Logo Polskiego Radia
IAR
Agnieszka Kamińska 25.05.2014

Białoruski ekspert: Rosja zdobyła Krym, ale straciła Ukrainę

Niezależny politolog Roman Jakowlewski podkreśla przy tym, że Rosja również po wyborach będzie starała się wpływać na Ukrainę. Obecnie wydaje się, że już nie osiągnie swego celu – pełnej kontroli nad krajem. Nie wyklucza jednak, że elity polityczne Ukrainy znów zaczną destabilizować kraj.
Wybory prezydenckie, głosowanie w KijowieWybory prezydenckie, głosowanie w KijowiePAP/EPA/SERGEY DOLZHENKO

Wybory prezydenckie na Ukrainie z uwagą śledzone są przez jej północnego sąsiada, Białoruś. W Mińsku pojawiają się opinie, że od dalszego losu Ukrainy zależy również przyszłość Białorusi. Dlatego ważna jest solidarność z Ukraińcami w kontekście działań Rosji.

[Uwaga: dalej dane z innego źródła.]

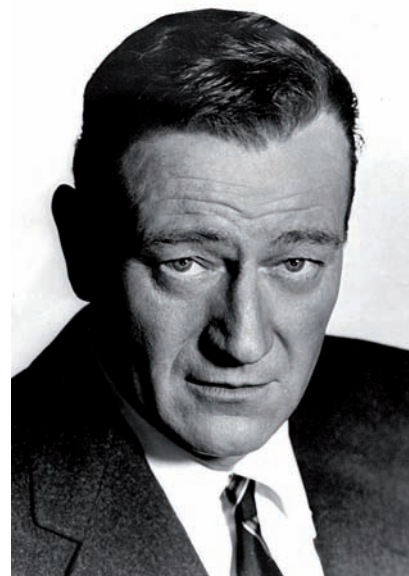
>> John Wayne va barquejar per la Costa Brava mentre rodava a Barcelona. El fabuloso mundo del circo, l'any 1963.

A John Wayne li agradava molt més navegar que cavalcar i, efectivament, va navegar per la Costa Brava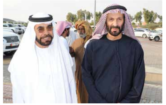
الشيخ حمد بن سلطان الدرمني وسعادة سعيد بن حرمل الظاهري أثناء حفل بن نعييف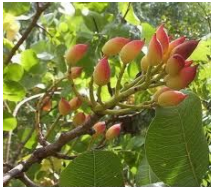
Фисташка туполистная - Pistacia vera .

Niezależny politolog Roman Jakowlewski powiedział Polskiemu Radiu, że Rosja również po niedzielnym głosowaniu będzie chciała różnymi sposobami wpływać na Ukrainę. Jego zdaniem ”obecnie trudno sobie wyobrazić, że Władimir Putin usiądzie przy jednym stole z nowym prezydentem Ukrainy”.

Jakowlewski uważa, że celem Moskwy jest pełna kontrola nad Kijowem i niedopuszczenie do europejskiego i prozachodniego kursu tamtejszych władz. - Jednak to jest już przeszłość. Rosja zdobyła Krym ale straciła Ukrainę - twierdzi Jakowlewski.

W opinii eksperta trudno przewidywać jak po wyborach prezydenckich będzie wyglądać ekipa rządząca Ukrainą. Nie wyklucza on dalszej walki między ukraińskimi elitami politycznymi, destabilizującej kraj.